Here, Jones was charged with three counts of felony sexual battery, and the evidence showed that he groped the breasts, buttocks, and groin of a 15-year-old girl without her consent. For this, Jones received three concurrent 5-year probated sentences as a first offender. Jones complains that his sentence is grossly disproportionate because, had he been charged under the Romeo and Juliet provision of the child molestation statute, he would have received a misdemeanor sentence. We are not persuaded by this argument, as the Romeo and Juliet provision of the child molestation statute applies even to consensual behavior between teenagers, whereas, here, there was evidence that Jones touched the intimate parts of J.S. without her consent.
Jones also argues that the felony sexual battery sentencing scheme is too severe because he could have received a sentence of 15 years in confinement. This contention, however, is unavailing, as we do not review a claim of cruel and unusual punishment based upon a sentence a defendant could have received; instead, we review the sentence a defendant did receive. Under that standard, we cannot say that Jones’ concurrent, 5-year probated, first offender sentences are grossly disproportionate to the gravity of the offense of felony sexual battery. Because Jones has failed to meet the threshold inference of gross disproportionality, his claim of cruel and unusual punishment fails.
I have previously articulated my skepticism that our analytical approach to the Cruel and Unusual Punishment Clause of the Georgia Constitution is consistent with the original public meaning of that Clause. See Conley v. Pate, 305 Ga. 333, 339, 825 S.E.2d 135 (2019) (Peterson, J., concurring). But because even under that approach Mr. Jones's claim fails, it is not necessary to reconsider that approach here. Accordingly, I concur in the opinion of the majority.
1. On November 6, 2013, Jones was indicted by a Catoosa County grand jury on three counts of sexual battery against a child under the age of 16. On February 27, 2014, Jones filed a “Motion to Quash the Indictment as Unconstitutional and Disproportional As Applied.” After a hearing, the trial court summarily denied the motion on March 11, 2014, but granted Jones a certificate of immediate review. Jones filed a petition for interlocutory review in this Court, which was subsequently denied on April 30, 2014.Following a one-day bench trial on October 13, 2014, Jones was found guilty of all charges. On February 24, 2015, Jones was sentenced as a first offender to five years probation on all three counts to run concurrently, with the first 120 days of his sentence to be served in a detention center. Jones filed a motion for new trial on March 12, 2015 and, after a hearing, the trial court denied the motion on December 21, 2015. Jones appealed to the Court of Appeals; that court transferred the case to this Court, as the case falls within this Court's constitutional question jurisdiction. This case was docketed to the August 2019 term of this Court, and oral argument was held on September 10, 2019.
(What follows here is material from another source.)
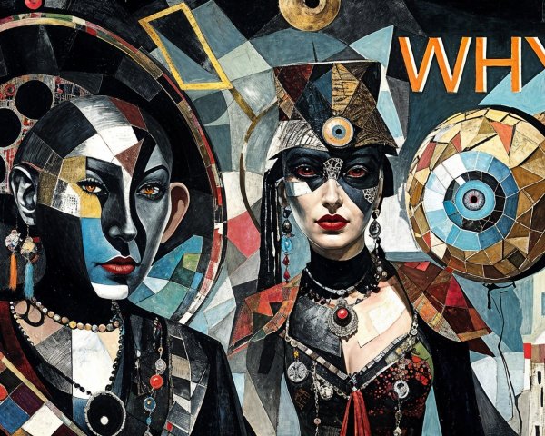 A vibrant fantasy scene features two sages in colorful robes seated by a tranquil lake under a large moon. Surrounding them are lush trees with autumn-colored leaves and a mysterious black figure in the background.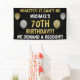 70th birthday party celebration decoration with 70th birthday humor and faux glittery balloons in gold and silver.

2. “A person commits the offense of sexual battery when he or she intentionally makes physical contact with the intimate parts of the body of another person without the consent of that person.” OCGA § 16-6-22.1 (b). The statute defines “intimate parts” as “the primary genital area, anus, groin, inner thighs, or buttocks of a male or female and the breasts of a female.” Id. at (a).
3. “A person convicted of the offense of sexual battery against any child under the age of 16 years shall be guilty of a felony and, upon conviction thereof, shall be punished by imprisonment for not less than one nor more than five years.” Id. at (d).
4. OCGA § 16-6-3 states, in pertinent part:(a) A person commits the offense of statutory rape when he or she engages in sexual intercourse with any person under the age of 16 years and not his or her spouse, provided that no conviction shall be had for this offense on the unsupported testimony of the victim.* * *(c) If the victim is at least 14 but less than 16 years of age and the person convicted of statutory rape is 18 years of age or younger and is no more than four years older than the victim, such person shall be guilty of a misdemeanor.
5. OCGA § 16-6-4 states, in pertinent part:(a) A person commits the offense of child molestation when such person:(1) Does any immoral or indecent act to or in the presence of or with any child under the age of 16 years with the intent to arouse or satisfy the sexual desires of either the child or the person.* * *(b) (2) If the victim is at least 14 but less than 16 years of age and the person convicted of child molestation is 18 years of age or younger and is no more than four years older than the victim, such person shall be guilty of a misdemeanor and shall not be subject to the sentencing and punishment provisions of Code Section 17-10-6.2.
Melton, Chief Justice.
All the Justices concur.
Response sent, thank you
Docket No: S19A1248
Decided: December 23, 2019
Court: Supreme Court of Georgia.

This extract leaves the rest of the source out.